#### WHAT TO WORK ON
The entries below contain pictures. Write out only the lines from the line with "El proyecto parte" up to and including the line with "Felgengutachten / ABE", exactly, without them.

#### DATA EXTRACT
------------------------------------

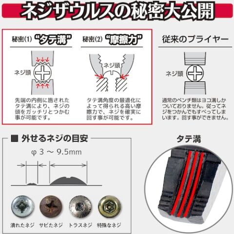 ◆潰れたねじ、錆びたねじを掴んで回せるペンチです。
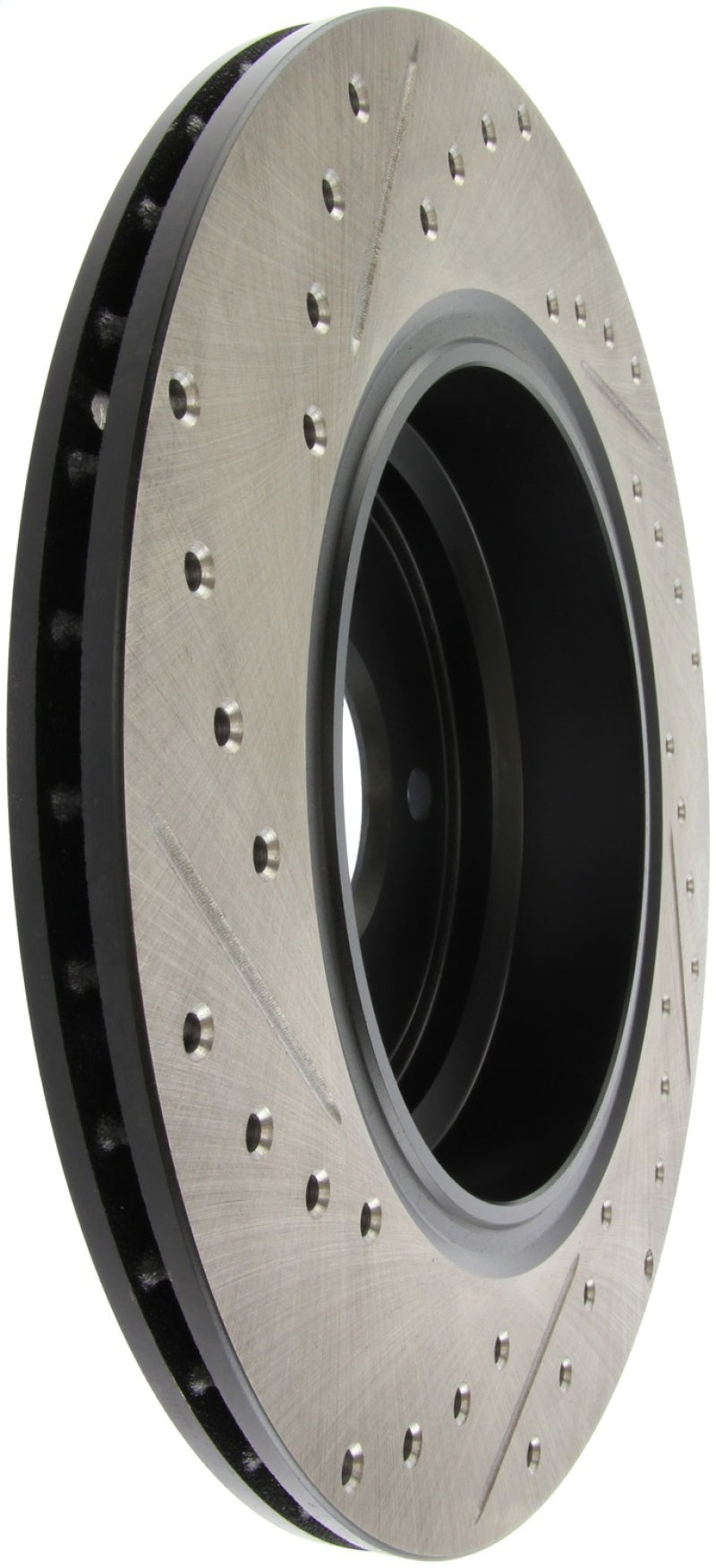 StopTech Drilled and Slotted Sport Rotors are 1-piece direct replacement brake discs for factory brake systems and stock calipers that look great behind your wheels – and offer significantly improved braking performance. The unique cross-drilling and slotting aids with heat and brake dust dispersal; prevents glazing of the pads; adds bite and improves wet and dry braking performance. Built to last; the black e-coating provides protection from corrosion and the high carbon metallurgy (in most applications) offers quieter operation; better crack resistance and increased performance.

------------------------------------

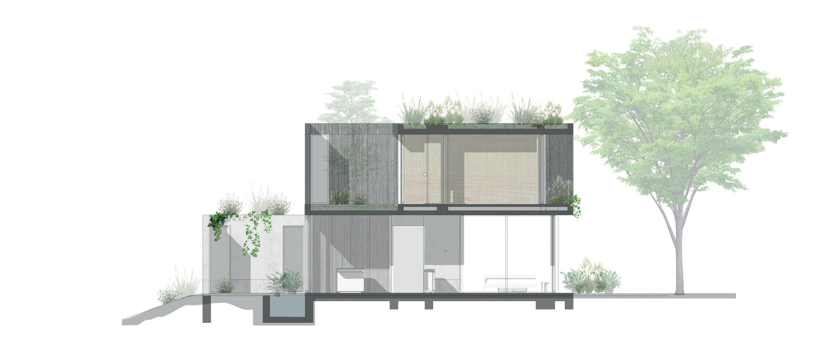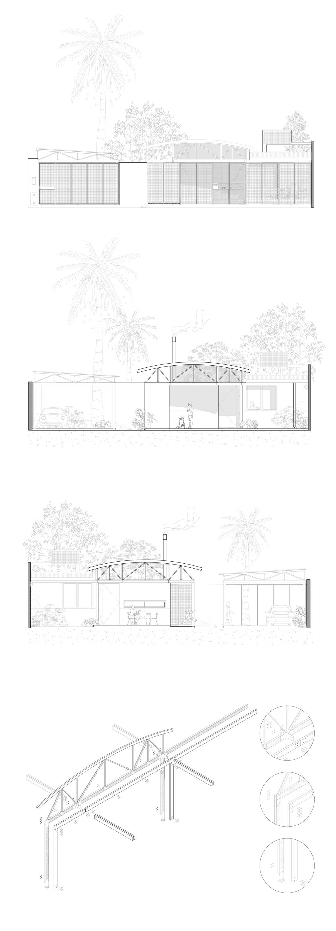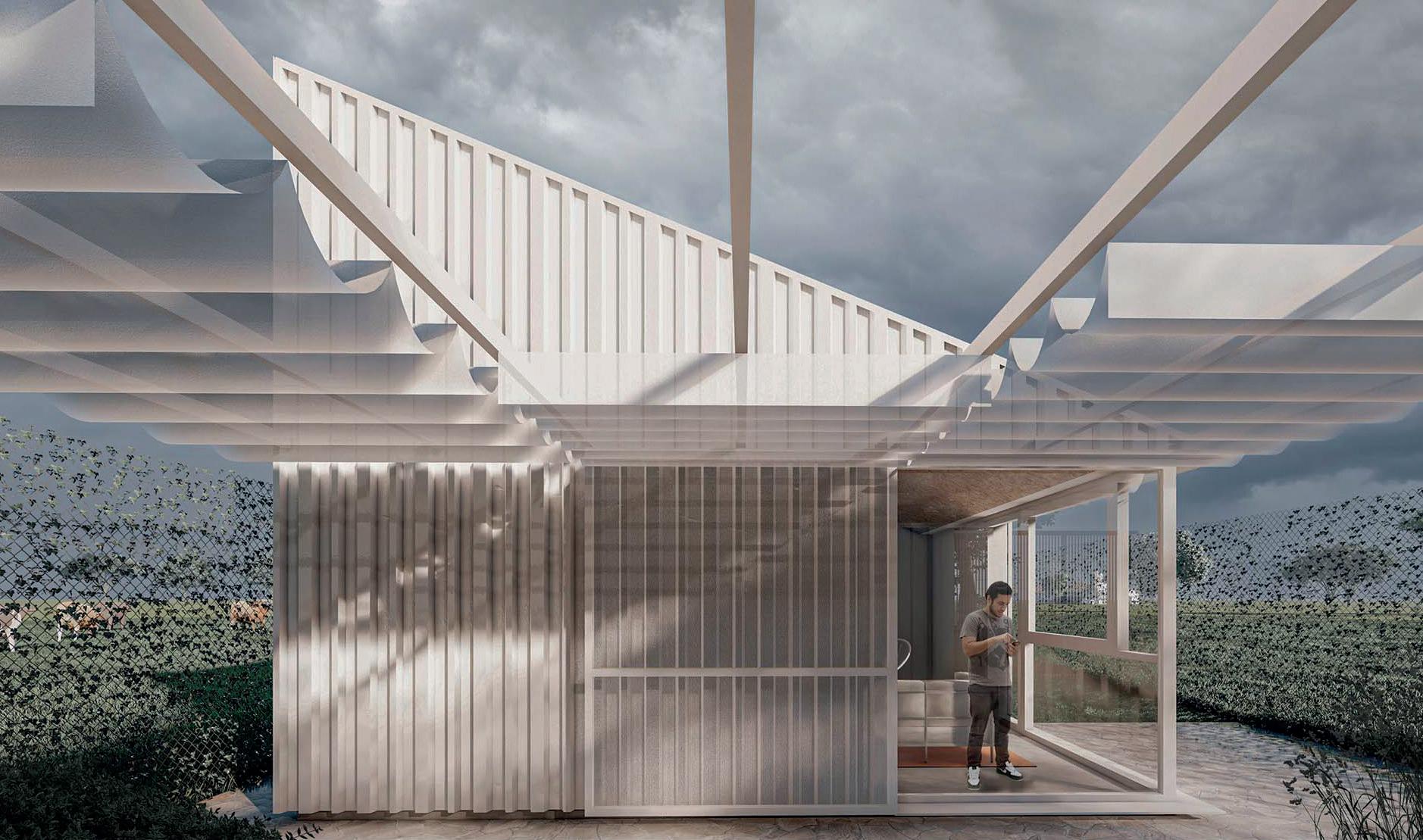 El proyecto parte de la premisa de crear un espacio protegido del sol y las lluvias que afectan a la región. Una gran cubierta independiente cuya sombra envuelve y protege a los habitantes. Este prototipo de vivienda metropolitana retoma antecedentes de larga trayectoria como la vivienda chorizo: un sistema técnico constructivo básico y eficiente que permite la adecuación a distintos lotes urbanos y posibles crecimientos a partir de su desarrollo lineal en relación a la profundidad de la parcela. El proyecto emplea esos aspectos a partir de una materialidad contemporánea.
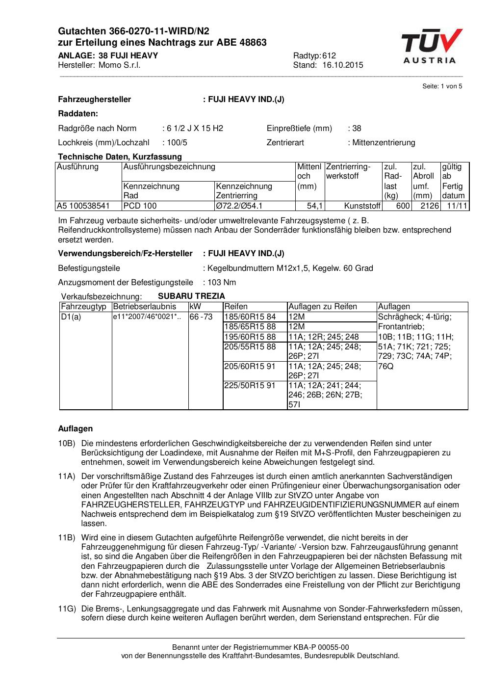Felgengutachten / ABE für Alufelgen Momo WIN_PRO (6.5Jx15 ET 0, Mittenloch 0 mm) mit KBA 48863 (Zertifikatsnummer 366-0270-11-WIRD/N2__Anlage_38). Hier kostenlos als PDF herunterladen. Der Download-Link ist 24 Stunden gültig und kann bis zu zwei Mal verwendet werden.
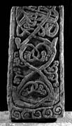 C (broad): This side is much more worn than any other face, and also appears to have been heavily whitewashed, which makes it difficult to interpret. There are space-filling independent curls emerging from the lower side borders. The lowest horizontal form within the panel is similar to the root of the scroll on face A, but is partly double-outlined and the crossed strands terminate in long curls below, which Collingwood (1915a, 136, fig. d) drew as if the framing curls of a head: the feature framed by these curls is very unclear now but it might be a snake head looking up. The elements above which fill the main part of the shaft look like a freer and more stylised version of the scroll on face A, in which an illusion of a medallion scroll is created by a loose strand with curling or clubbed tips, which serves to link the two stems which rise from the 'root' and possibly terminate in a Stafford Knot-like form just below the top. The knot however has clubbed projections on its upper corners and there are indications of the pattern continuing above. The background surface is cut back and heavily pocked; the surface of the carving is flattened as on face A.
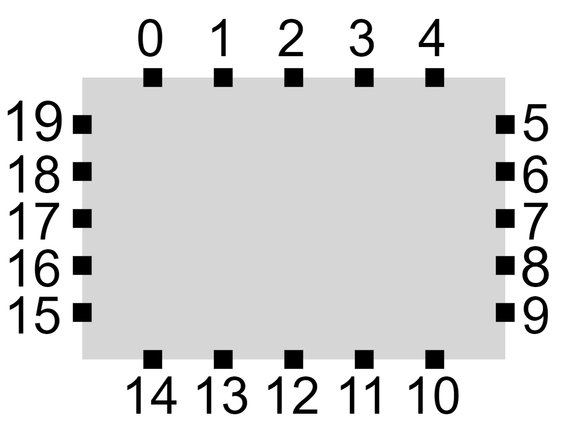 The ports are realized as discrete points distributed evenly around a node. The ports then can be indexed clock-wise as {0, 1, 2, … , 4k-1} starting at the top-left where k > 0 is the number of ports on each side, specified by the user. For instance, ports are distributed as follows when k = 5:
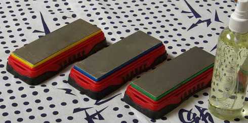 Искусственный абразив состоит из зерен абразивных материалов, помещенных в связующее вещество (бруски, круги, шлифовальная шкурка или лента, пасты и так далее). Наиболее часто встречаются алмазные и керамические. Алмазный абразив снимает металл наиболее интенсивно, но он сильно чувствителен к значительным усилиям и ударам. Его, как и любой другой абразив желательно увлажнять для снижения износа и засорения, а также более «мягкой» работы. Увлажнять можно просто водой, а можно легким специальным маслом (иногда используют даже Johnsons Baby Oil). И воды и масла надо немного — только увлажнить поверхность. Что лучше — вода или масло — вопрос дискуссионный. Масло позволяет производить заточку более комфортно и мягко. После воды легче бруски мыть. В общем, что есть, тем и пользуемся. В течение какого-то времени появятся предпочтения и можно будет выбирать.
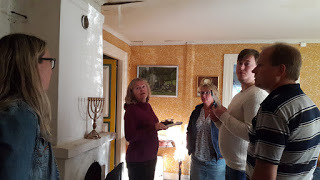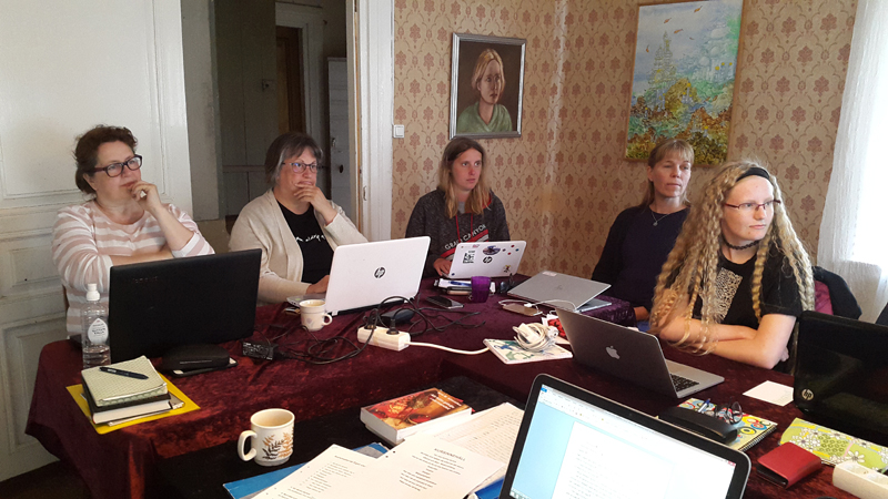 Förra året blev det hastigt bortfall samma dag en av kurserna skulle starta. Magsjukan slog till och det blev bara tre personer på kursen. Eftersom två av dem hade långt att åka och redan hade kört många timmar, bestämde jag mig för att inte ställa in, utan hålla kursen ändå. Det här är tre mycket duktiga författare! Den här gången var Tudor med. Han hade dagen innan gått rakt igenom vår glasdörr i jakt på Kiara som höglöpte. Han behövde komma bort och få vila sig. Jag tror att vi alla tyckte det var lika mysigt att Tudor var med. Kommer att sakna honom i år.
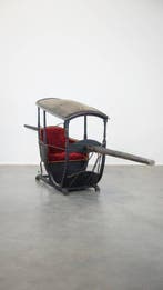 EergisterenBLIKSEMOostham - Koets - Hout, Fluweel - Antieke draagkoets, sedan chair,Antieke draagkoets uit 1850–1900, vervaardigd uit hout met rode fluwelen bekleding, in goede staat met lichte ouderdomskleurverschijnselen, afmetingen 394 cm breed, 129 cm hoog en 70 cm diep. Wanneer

------------------------------------

#### REPLY TO THE TASK
 El proyecto parte de la premisa de crear un espacio protegido del sol y las lluvias que afectan a la región. Una gran cubierta independiente cuya sombra envuelve y protege a los habitantes. Este prototipo de vivienda metropolitana retoma antecedentes de larga trayectoria como la vivienda chorizo: un sistema técnico constructivo básico y eficiente que permite la adecuación a distintos lotes urbanos y posibles crecimientos a partir de su desarrollo lineal en relación a la profundidad de la parcela. El proyecto emplea esos aspectos a partir de una materialidad contemporánea.
Felgengutachten / ABE für Alufelgen Momo WIN_PRO (6.5Jx15 ET 0, Mittenloch 0 mm) mit KBA 48863 (Zertifikatsnummer 366-0270-11-WIRD/N2__Anlage_38). Hier kostenlos als PDF herunterladen. Der Download-Link ist 24 Stunden gültig und kann bis zu zwei Mal verwendet werden.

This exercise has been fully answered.